Me doy vuelta y sigo el sendero por el que venía; un sendero que es casi imposible de seguir porque la maleza lo cubre  casi por completo; de hecho no sé si es el mismo sendero que venía siguiendo porque fácilmente puede un espacio donde la maleza no creció y yo la confundo con un sendero.

Después de unos minutos de batallar con la maleza que se negaba a soltar mis rodillas logro llegar a la casa de mis padres humanos; nada lujoso, es una casa de bloques que ruega por unas manos de pintura y que esta retirada de el camino central pero, sobre todo, de la ciudad. Me gusta la lluvia y me seguirá gustando; a pesar de que en la casa llueva más adentro que afuera por las filtraciones que hay en el cuarto de la cocina. Es una casa pequeña, solo el cuarto común, un cuarto donde se come, donde se ve la televisión, donde se hacen las tareas del colegio y donde están guardadas casi todas las cosas de nuestra pertenencia; las cuales son muchas para un solo cuarto, y por ultimo; el baño; a un kilometro de la casa hay un pozo seco que sirve para hacer lo necesario.

 Estoy a unos metros de la casa cuando inhalo profundo y huelo a tostadas recién hechas con una untada generosa de mantequilla, tocinetas y… Queso...  de seguro mí madre está en la cocina; mi comida favorita en toda la gran creación de mi padre es sin duda las arepas con caraotas y queso de año; aunque no cualquiera; solo las que prepara mi madre, Vanessa, son las que me gustan; por alguna razón me resulta su manera de preparar mejor que las de cualquier otra persona. Mi madre es tan buena cocinera como su piel es blanca, sus ojos son verdes y su carácter es estricto y perfeccionista; suena como una persona amargada si lo digo de esa manera, pero, es así; y así es como me gusta que sea  porque si ella no fuese como es yo no sería quien soy (aunque a veces sienta que se está propasando, me gusta que se exprese totalmente y no que lo guarde para después).

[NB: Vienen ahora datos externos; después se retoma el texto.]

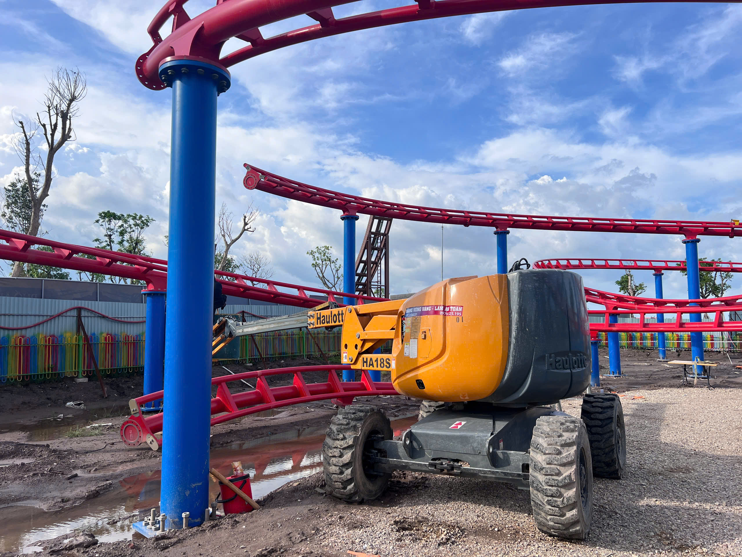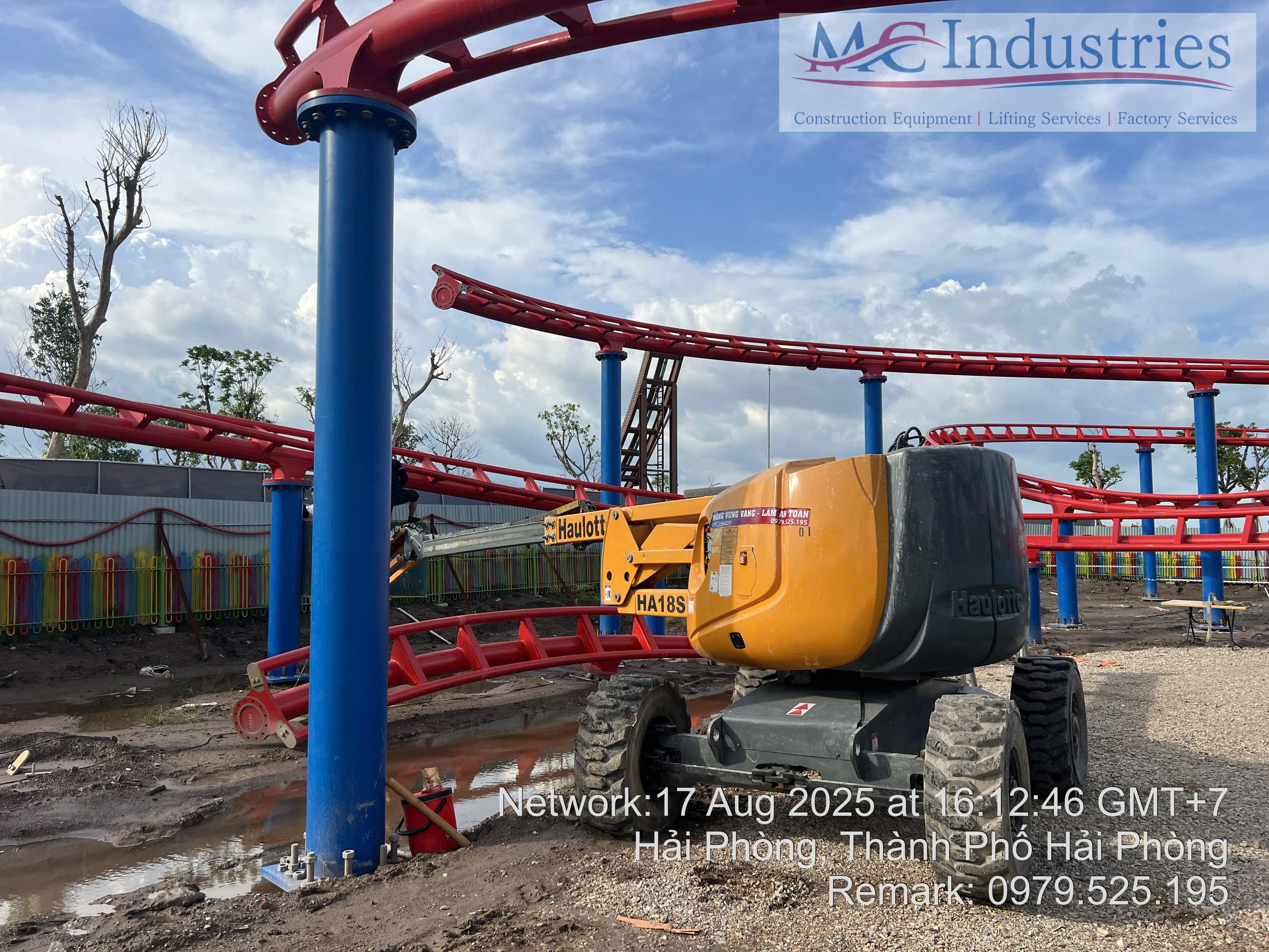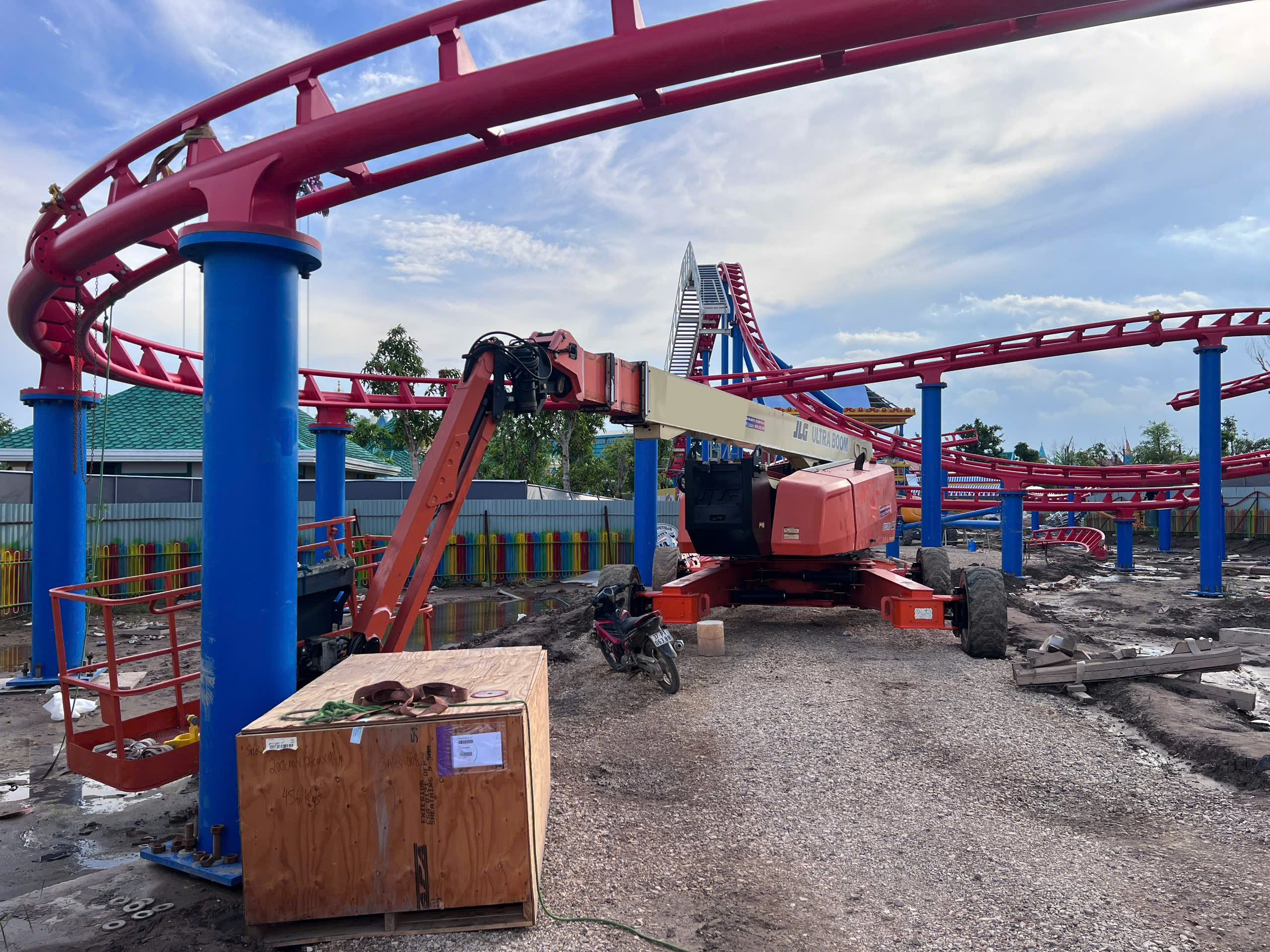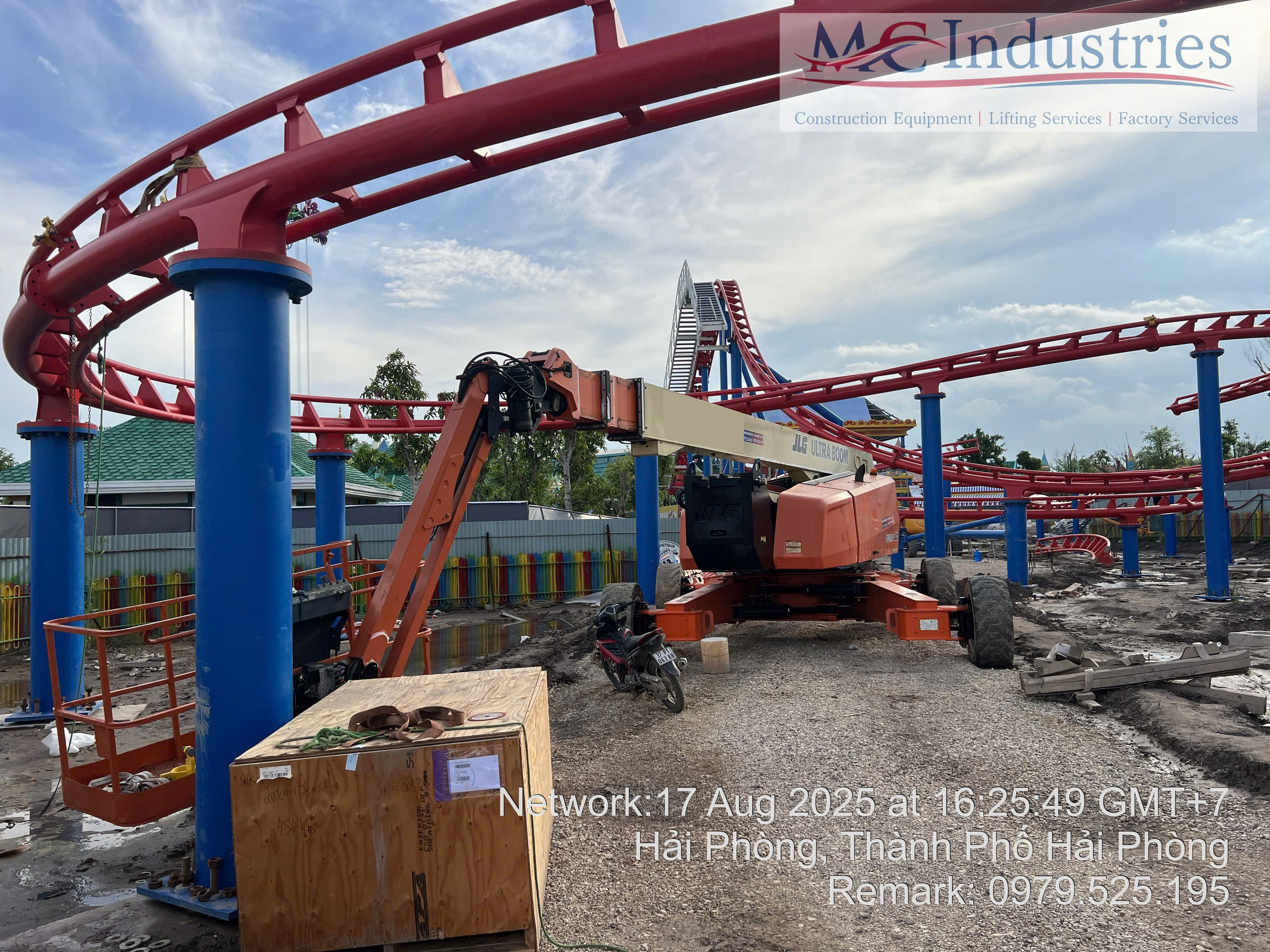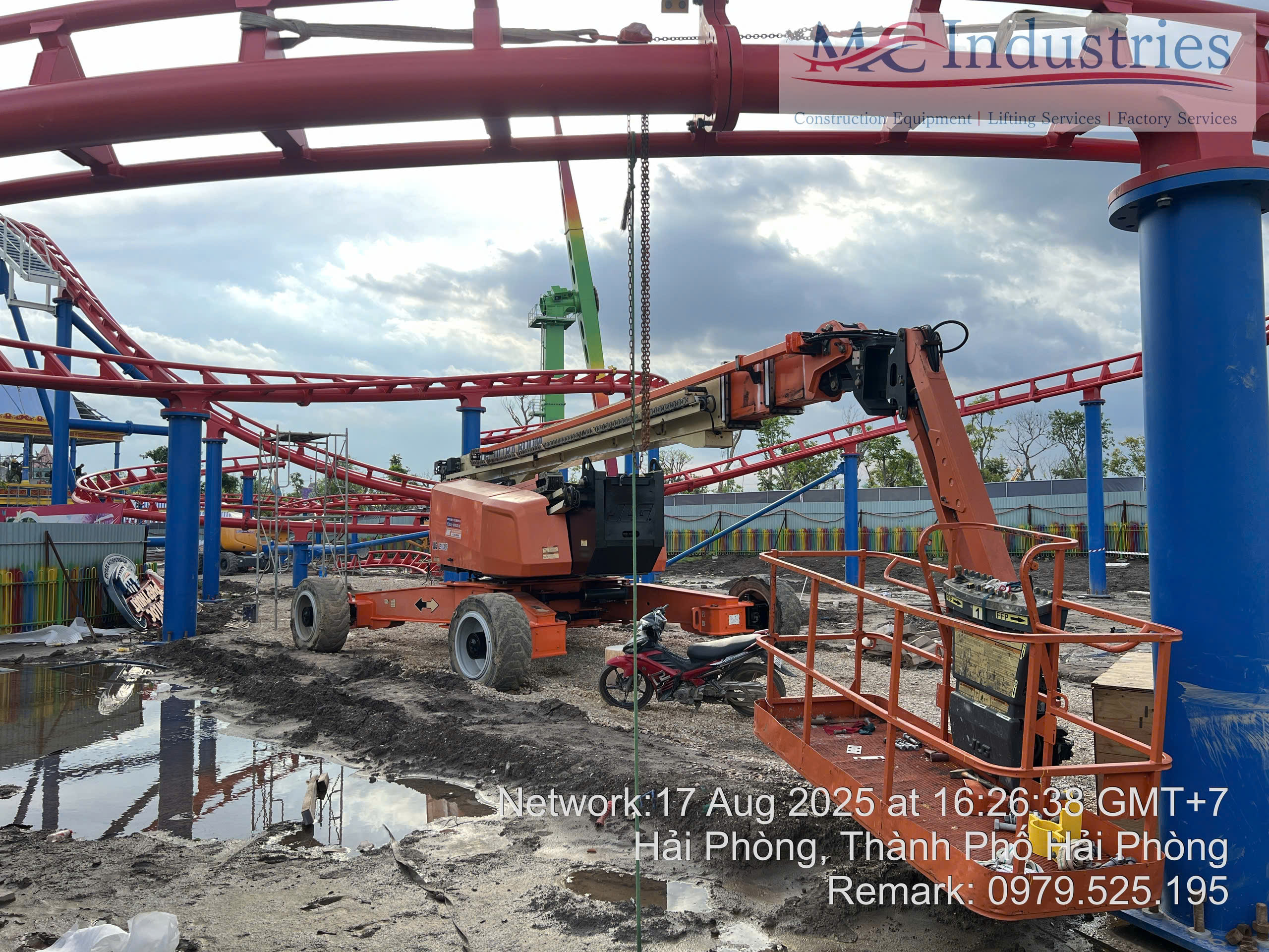 Dự án này cần sử dụng nhiều xe nâng người boom lift để lắp ráp thi công lắp đặt kết cấu thép, siết ốc, của đường ray xe lửa, ống trượt nước và hệ thống khu vực vui chơi.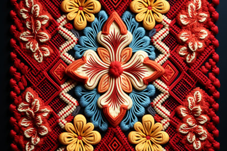 Colorful geometric embroidery pattern with intricate stitching and textile art design. That the image is generated using AI.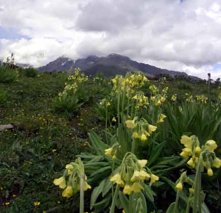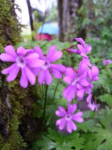 サクラソウ、シオガマ、キンバイソウ、一面のお花がしっとり露に濡れ、花色の風がいたずらに花を揺らせています。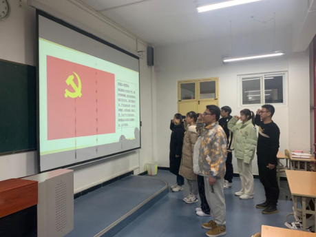 大会最后,由宣传委员蒋帅带领全体党员重温入党誓词,现场响起了阵阵激昂的宣誓声,每位党员同志都用发自内心的声音抒发对党忠诚的决心,面对着党旗,大家接受了一次身心的特殊洗礼。本次入党宣誓仪式有助于广大学生党员铭记入党誓词,增强党员自豪感、荣誉感,在今后的学习生活中自觉担负起光荣的责任和使命,为党的伟大事业做出应有的贡献。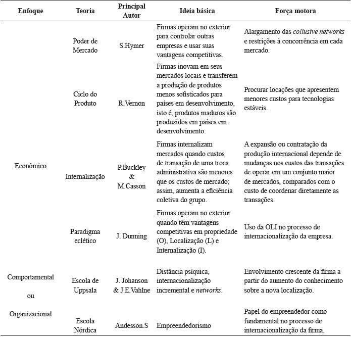 Com finalidade de dar uma visão mais global das principais teorias da internacionalização, apresenta- se, a seguir, um quadro-resumo elaborado por Hemais e Hilial (2004), focando os principais autores e pontos defendidos das duas perspectivas ou enfoques: um sobre uma vertente econômica e outro sobre uma vertente organizacional ou comportamental.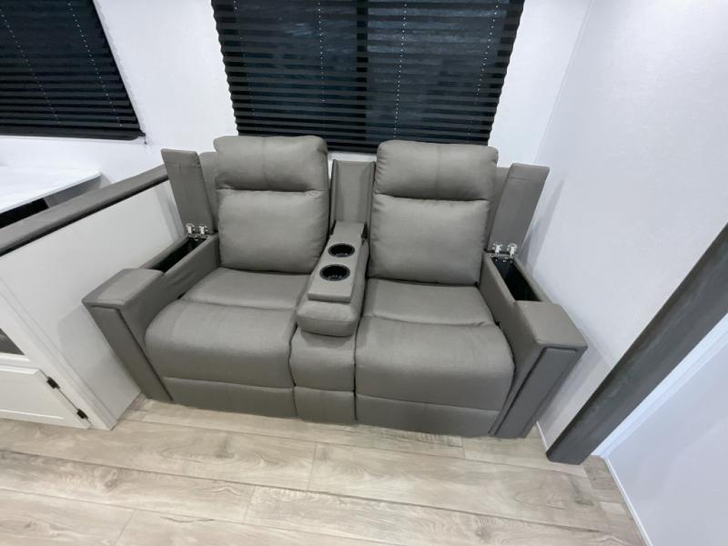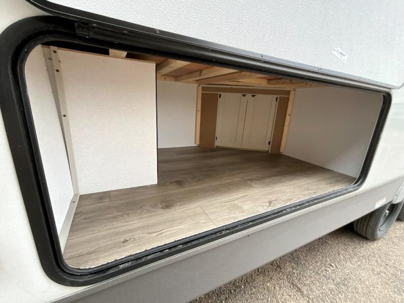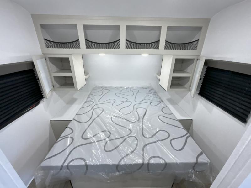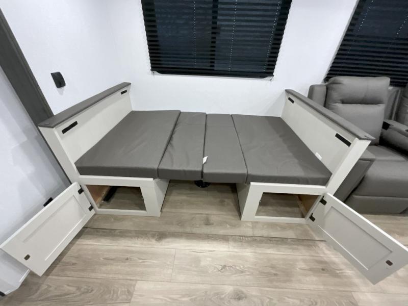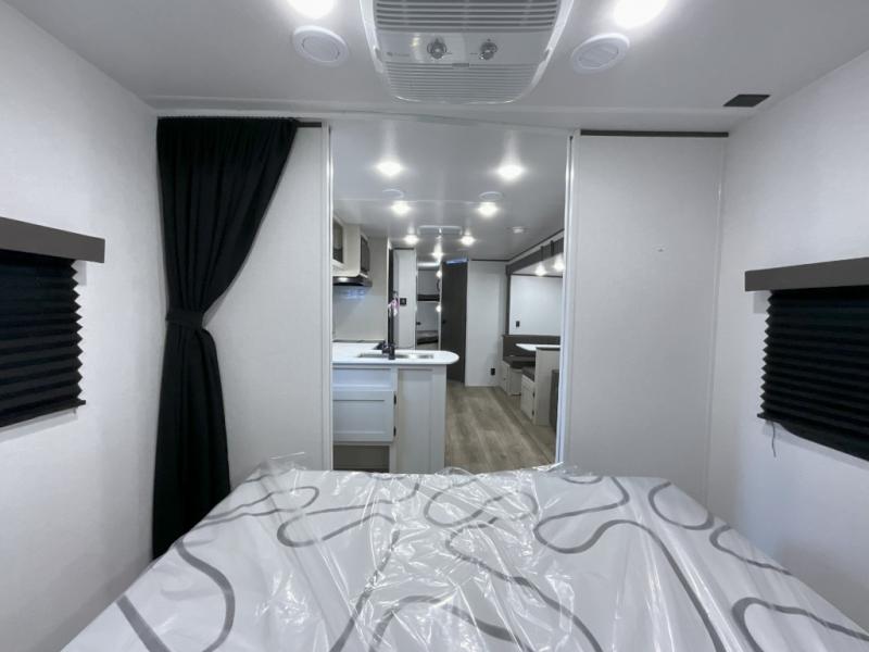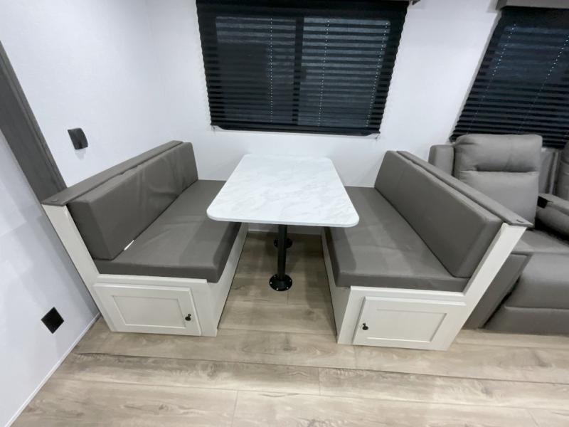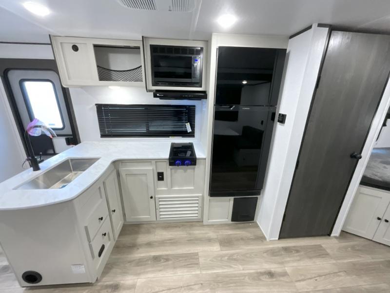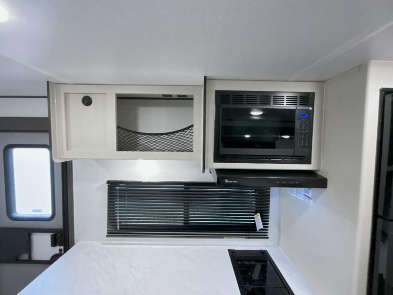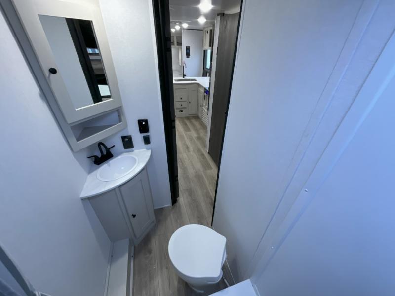 Camping trips are made complete in this spacious travel trailer! You can wake up feeling refreshed each morning in the front private bedroom that includes a queen bed and underbed storage, and there is a full bath towards the back to get ready for your day. The double-size bunks are sure to be a hit with the little ones or your guests, and the large pantry beside the bunks include washer/dryer hookups if you want to add these appliances. An L-shaped counter in the kitchen will provide more space as you prep breakfast on the two burner cooktop, and there is a 12V refrigerator to keep the eggs and milk cold. Your crew can dine at the booth dinette, relax on the sofa, or take your plates outdoors under the 20' power awning!
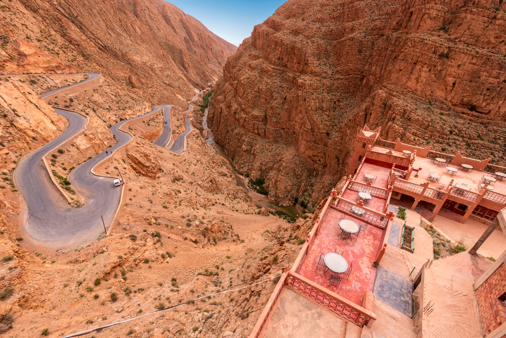 • Al mattino presto, parti per una vera avventura! Lascia Marrakech e dirigiti verso il deserto del Sahara. Fai una sosta a Ouarzazate, la “porta del deserto”, famosa per le sue kasbah e per essere stata set di numerosi film. Poi, prosegui per le gole di Todra, un paesaggio spettacolare di pareti di roccia alte e strette.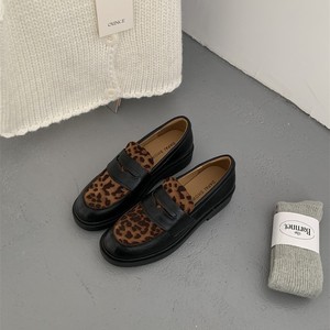 2025年秋季新款圆头低跟单鞋女鞋豹纹拼色复古乐福鞋英伦风小皮鞋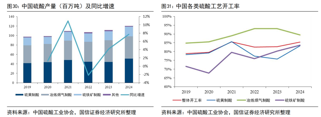 国内硫磺制酸带动硫酸产量高增。据硫酸行业协会数据,2024年我国硫酸产量为1.201亿吨,同比增长7.7%。其中,硫磺制酸产量5106.6万吨,同比增长15.6%;冶炼酸产量4718.9万吨,同比增长2.8%,硫铁矿制酸产量2037.7万吨,同比增 长7.1%。硫磺制酸量增速迅猛,成为补足下游需求重要手段。2024年我国硫酸行业平均开工率为85.4%,同比上升2.6 个百分点。其中硫磺制酸开工率83.2%,同比上升7.4 个百分点;冶炼酸开工率89.5%,同比下降3.6 个百分点;硫铁矿制酸开工率83.6%,同比上升3.3 个百分点;其他制酸开工率67.8%。硫磺制酸多为下游企业主动配套建设,从开工率大幅提升也表明了硫酸下游需求的旺盛。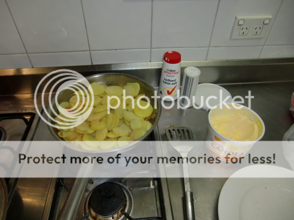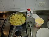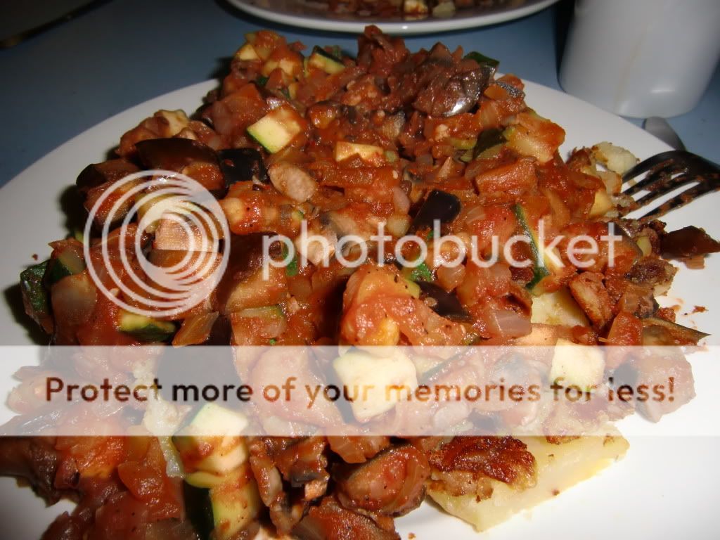 Heute Abend gab es: Bratkartoffeln mit einer Aubergine – Zucchini – Pilze – Zwiebel – Knoblauch – Tomatensosse.

  Por otro lado, al extremo opuesto de mi madre, muy al otro extremo de la personalidad y forma de ser de mi madre esta Unwin , el que dice ser mi padre; nunca le he dicho por ese título ya que creo que le queda excesivamente grande; es de piel morena y una calva que la rodea cabello negro  algunas canas, es tan mentiroso como estafador y abusador; eso no es todo lo que me enfada; lo que más me hace enardecer es el hecho de que quiera aparentar ser una gran persona. Este hombre, si es que así se le puede llamar, ha sido un dolor de cabeza durante los cinco años que llevo aquí, pero debo agradecerle algo, no me ayudo de manera directa pero lo hizo, me ha facilitado la decisión de que debo hacer con los humanos, su “amabilidad”, su “sinceridad” y sobre todo su muy “buen carácter” me ha hecho inclinarme más hacia destruir a todas estas pestes que mi padre ama tanto. Me detengo bajo un árbol de semeruco  y me quedo quieto mirando al suelo; luego miro al cielo. No obstante; aun no hago que llegue el fin de estas criaturas porque Papá no me ha dado autorización, bueno… realmente no sé si debo esperar a que me la de; después de todo él me dio la espada flameante y me dejo aquí. Quizá debería de hacerlo ahora; quizá debería de encender mi espada y matar a todos los humanos, ¿Por qué no? Ellos tuvieron  mucho tiempo para corregirse y, aun así, no lo hicieron.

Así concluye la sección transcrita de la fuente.